RECORDS TO PROCESS:
● ● ● ● ● ● ●
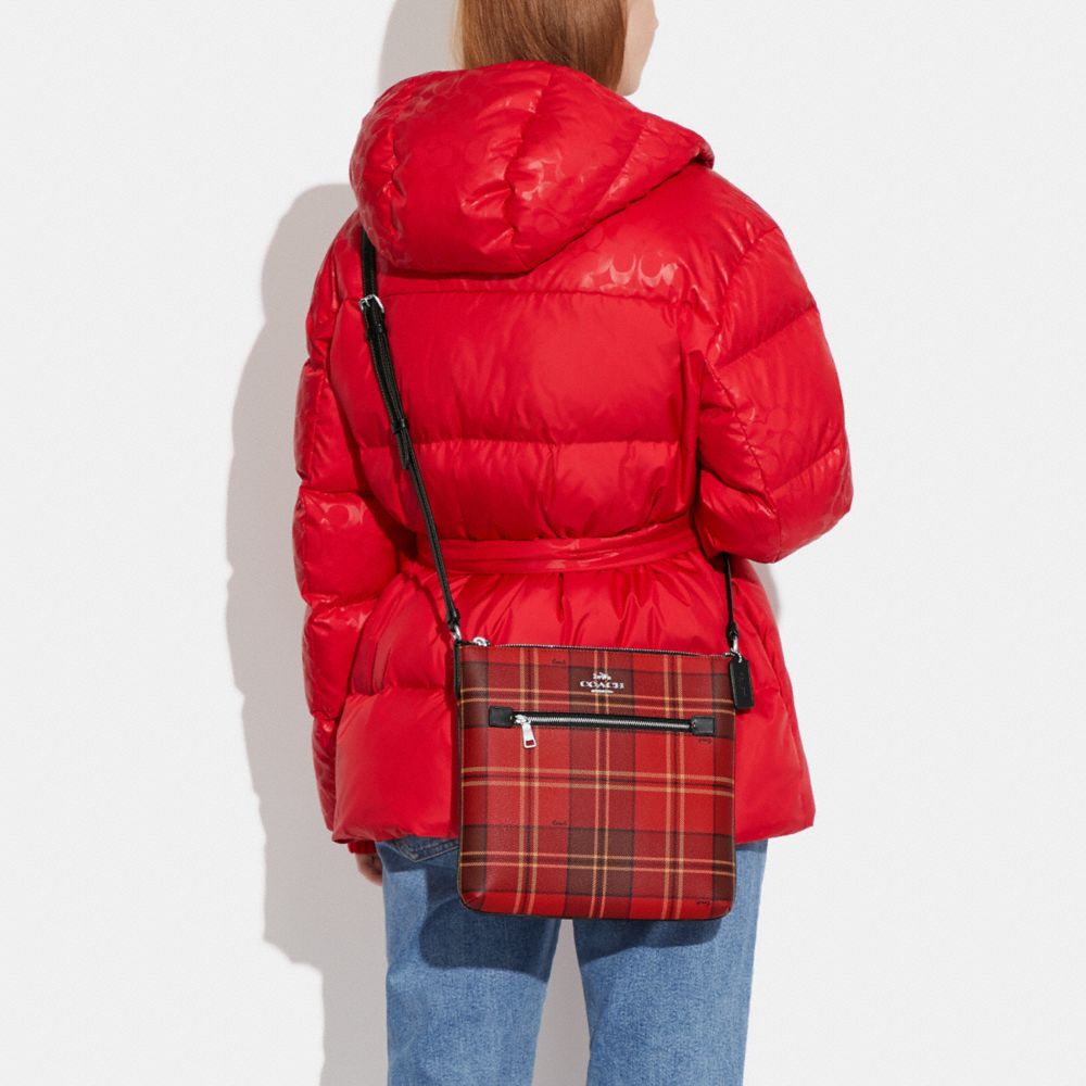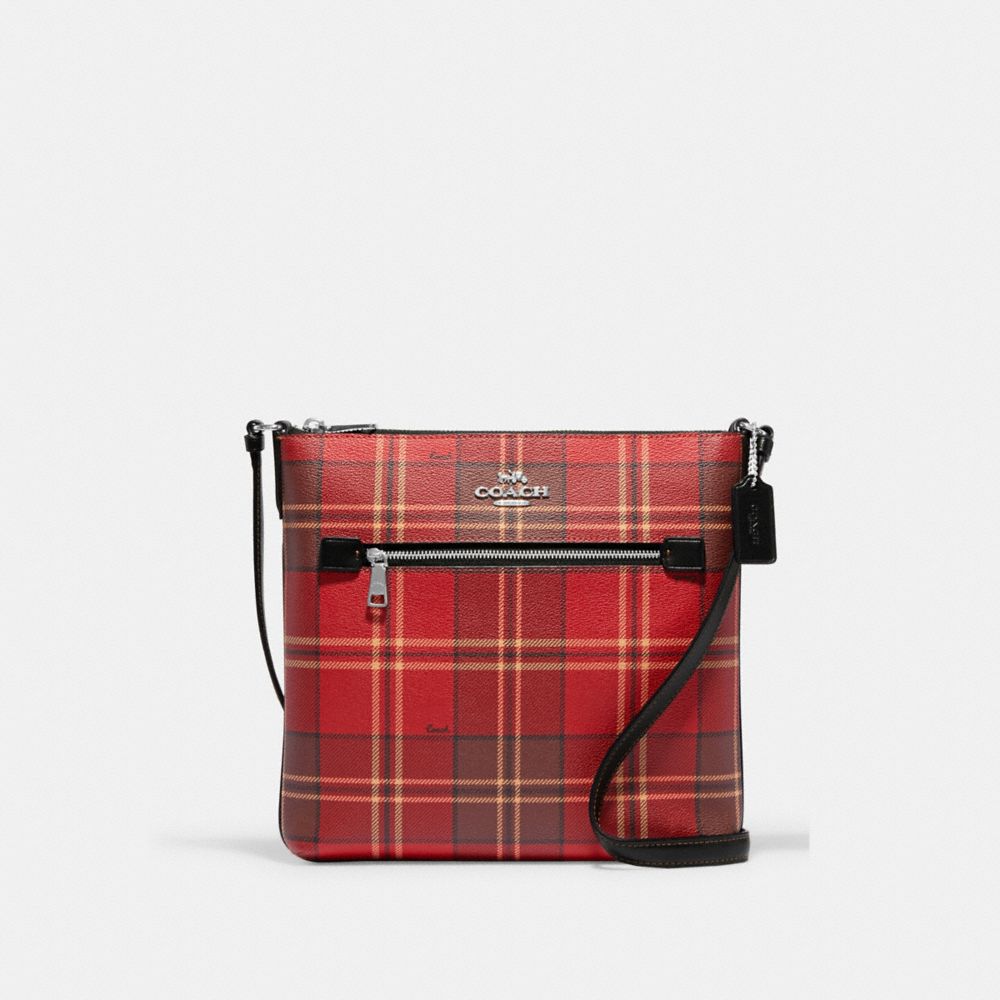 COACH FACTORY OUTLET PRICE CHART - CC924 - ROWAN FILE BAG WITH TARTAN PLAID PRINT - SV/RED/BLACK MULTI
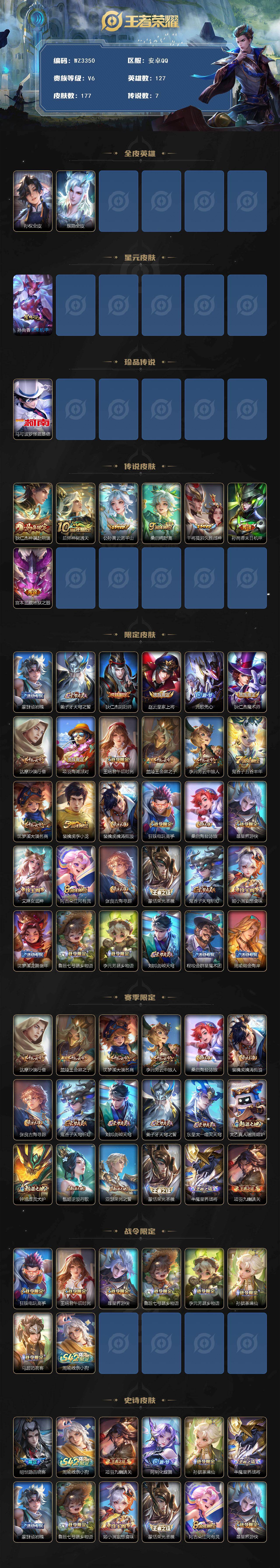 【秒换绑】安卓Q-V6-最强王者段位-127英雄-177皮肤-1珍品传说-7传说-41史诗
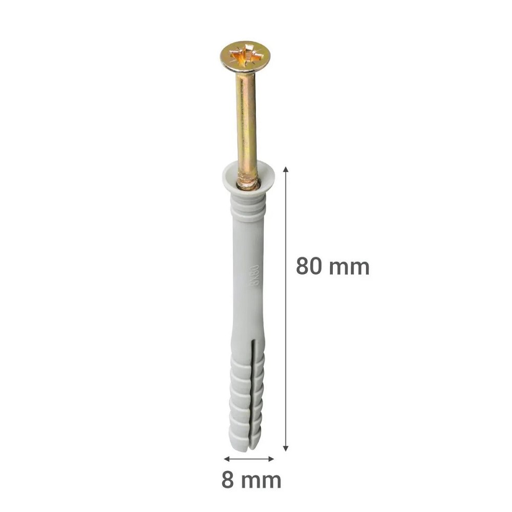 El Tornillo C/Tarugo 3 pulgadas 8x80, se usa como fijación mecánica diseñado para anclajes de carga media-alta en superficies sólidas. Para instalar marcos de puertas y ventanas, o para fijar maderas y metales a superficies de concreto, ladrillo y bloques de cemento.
● ● ● ● ● ● ●
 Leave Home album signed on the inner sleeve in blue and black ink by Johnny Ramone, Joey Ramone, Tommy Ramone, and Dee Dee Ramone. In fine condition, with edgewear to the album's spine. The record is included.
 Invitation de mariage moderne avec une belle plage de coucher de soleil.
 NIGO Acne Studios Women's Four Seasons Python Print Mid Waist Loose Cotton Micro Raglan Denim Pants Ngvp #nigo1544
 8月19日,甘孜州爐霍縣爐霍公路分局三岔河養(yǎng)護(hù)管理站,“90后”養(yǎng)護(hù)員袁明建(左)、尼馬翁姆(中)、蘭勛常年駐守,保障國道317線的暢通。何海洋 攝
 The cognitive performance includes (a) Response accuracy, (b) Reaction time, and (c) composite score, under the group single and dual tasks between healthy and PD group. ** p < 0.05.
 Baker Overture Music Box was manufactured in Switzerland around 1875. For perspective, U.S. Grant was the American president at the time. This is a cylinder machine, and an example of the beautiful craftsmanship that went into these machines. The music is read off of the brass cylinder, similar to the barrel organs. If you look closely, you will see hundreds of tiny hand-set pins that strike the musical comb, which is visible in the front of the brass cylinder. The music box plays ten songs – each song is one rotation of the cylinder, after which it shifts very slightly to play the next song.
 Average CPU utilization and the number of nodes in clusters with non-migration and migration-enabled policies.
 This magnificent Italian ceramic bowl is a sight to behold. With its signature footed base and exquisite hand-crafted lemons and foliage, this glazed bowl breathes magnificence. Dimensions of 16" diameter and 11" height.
● ● ● ● ● ● ●
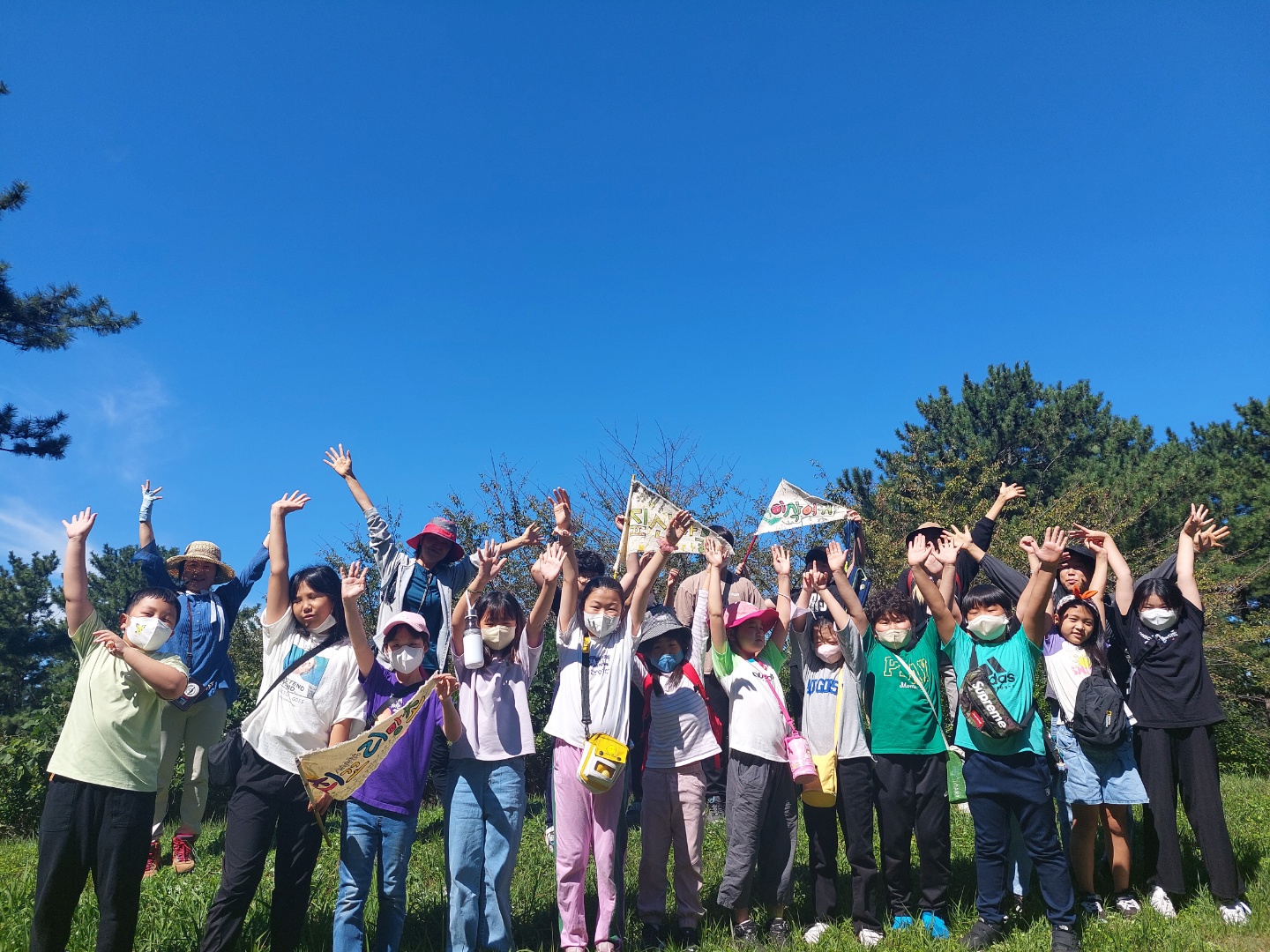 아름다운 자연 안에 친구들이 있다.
● ● ● ● ● ● ●
AIM OF THE TASK: Above are the records; copy exactly the lines from the line with "Leave Home album" through the line with "The cognitive performance", both included.

OUTPUT FOR THIS TASK:
 Leave Home album signed on the inner sleeve in blue and black ink by Johnny Ramone, Joey Ramone, Tommy Ramone, and Dee Dee Ramone. In fine condition, with edgewear to the album's spine. The record is included.
 Invitation de mariage moderne avec une belle plage de coucher de soleil.
 NIGO Acne Studios Women's Four Seasons Python Print Mid Waist Loose Cotton Micro Raglan Denim Pants Ngvp #nigo1544
 8月19日,甘孜州爐霍縣爐霍公路分局三岔河養(yǎng)護(hù)管理站,“90后”養(yǎng)護(hù)員袁明建(左)、尼馬翁姆(中)、蘭勛常年駐守,保障國道317線的暢通。何海洋 攝
 The cognitive performance includes (a) Response accuracy, (b) Reaction time, and (c) composite score, under the group single and dual tasks between healthy and PD group. ** p < 0.05.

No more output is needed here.